19 perdaient du poids et le reprenaient suite à une diète faible en calories, dans l’expression de gènes impliqués dans les voies métaboliques du métabolisme des lipides, du cycle de Krebs, de la phosphorylation oxydative et dans l’apoptose.

Les différents types de gras et leurs effets sur l’expression génique ont été également étudiés. La consommation, durant huit semaines, d’une diète élevée en gras saturés comparativement à une diète élevée en gras monoinsaturés induirait un profil d’expression génique davantage pro-inflammatoire [91]. Une étude de 2014 chez 18 adultes en santé qui a comparé l’effet d’une diète élevée en acides gras saturés de type palmitique versus une diète faible en acide palmitique et élevée en acide oléique (acide gras monoinsaturé), a observé une diminution de l’expression du gène insulin induced gene 1 (INSIG1), un gène impliqué dans la régulation du métabolisme du cholestérol induit par l’insuline [92]. Bergouignan et collaborateurs [93] ont observé des différences dans l’expression des gènes pyruvate dehydrogenase kinase (PDK4) et CD36 molecule (thrombospondin receptor) (CD36) suite à la consommation d’une diète isocalorique élevée en gras après seulement deux jours de consommation chez 19 participants. Les auteurs concluaient que l’augmentation de l’énergie consommée provenant des lipides conduisait à une augmentation de l’oxydation des lipides dans les muscles squelettiques [93]. Une autre étude a observé qu’une diète élevée en gras diminuait l’expression dans les muscles squelettiques de gènes impliqués dans le système endocannabinoïde [94].
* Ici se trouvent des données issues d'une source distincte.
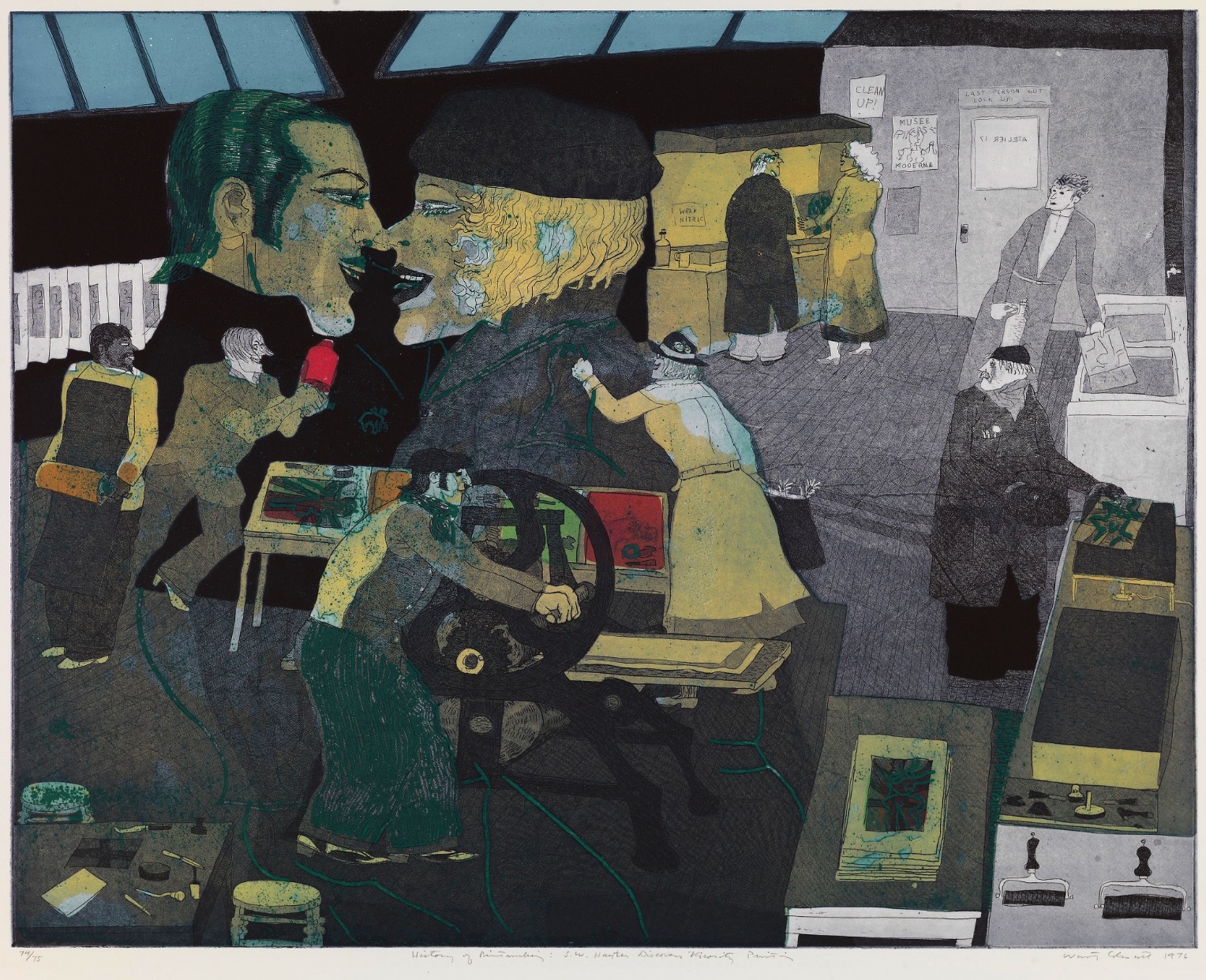 Warrington Colescott, Hayter Discovers Viscosity Printing, from the series A History of Printmaking, 1976, color intaglio on paper, plate: 21 7/8 x 27 3/4 in. (55.5 x 70.5 cm).
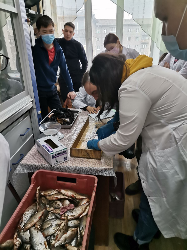 Экскурсию по лабораториям провел наш выпускник Кожемякин Кирилл Михайлович – старший специалист лаборатории водных биоресурсов. Нам было подробно рассказано о структуре, работе и функционале организации. Студентам была дана возможность окунуться в атмосферу рабочего момента, при разборе очередного мониторингового улова рыбы из Байкала. Кирилл Михайлович подробно объяснял, зачем и для чего производятся такие выловы рыбы. На что необходимо обратить внимание при регистрации и записи данных. Некоторые студенты попробовали себя в роли сотрудников и поучаствовали при вскрытии некоторой части отловленной рыбы. При этом фиксировали пол, массу тела, половозрелость особей, жирность и наполнение кишечника. Брали образцы чешуи для определения возраста рыбы в дальнейшем.
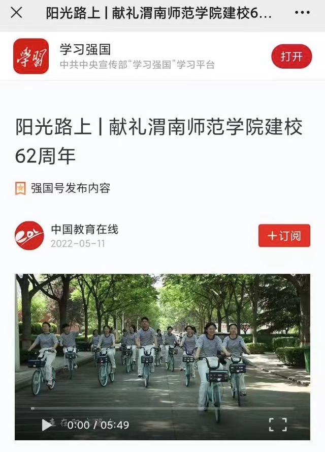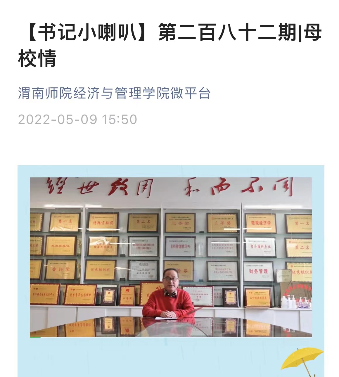 “书记小喇叭”写新篇。“书记小喇叭”校庆日推出新作《母校情》,表达了渭师走过的62个春秋,情系育人梦,桃李满天下,谱写了一曲立德树人的动人凯歌。

Quelques études se sont également penchées sur l’effet des AGPI n-3/huile de poisson sur l’expression génique [95-98]. La consommation habituelle d’AGPI n-3 a été associée à des différences dans les voies métaboliques du métabolisme des TG et la signalisation des lipides [96]. La prise d’AGPI n-3/huile de poisson affecte l’expression de gènes reliés à l’inflammation tels que CD68 molecule (CD68), matrix metallopeptidase 9 (gelatinase B, 92kDa gelatinase, 92kDa type IV collagenase) (MMP9) et chemokine (C-X-C motif) ligand 8 (CXCL8) [95,97,98]. Selon une étude issue de notre groupe de recherche, la prise de 5g d’huile de poisson durant six semaines a pour effet de modifier l’expression génique de gènes impliqués dans les voies métaboliques reliées à PPARA, à NFKB et au stress oxydatif [98]. Des différences dans l’expression génique en fonction des diètes ne sont toutefois pas

20

toujours observées. Meneses et collaborateurs [99] ont testé l’impact de quatre diètes (élevée en gras saturés, élevée en gras monoinsaturés, élevée en AGPI et faible en gras/ élevée en glucides) consommées durant 12 semaines sur la réponse inflammatoire postprandiale dans le tissu adipeux d’individus ayant le syndrome métabolique. Aucune différence entre les diètes dans l’expression des gènes candidats reliés à l’inflammation sélectionnés n’a été observée. Bjermo et collaborateurs [100] n’ont pas non plus observé de différence dans l’expression de gènes impliqués dans le métabolisme des lipides et l’inflammation suite à la consommation de deux diètes (diète riche en AGPI n-6 versus diète riche en acides gras saturés provenant du beurre) durant 10 semaines.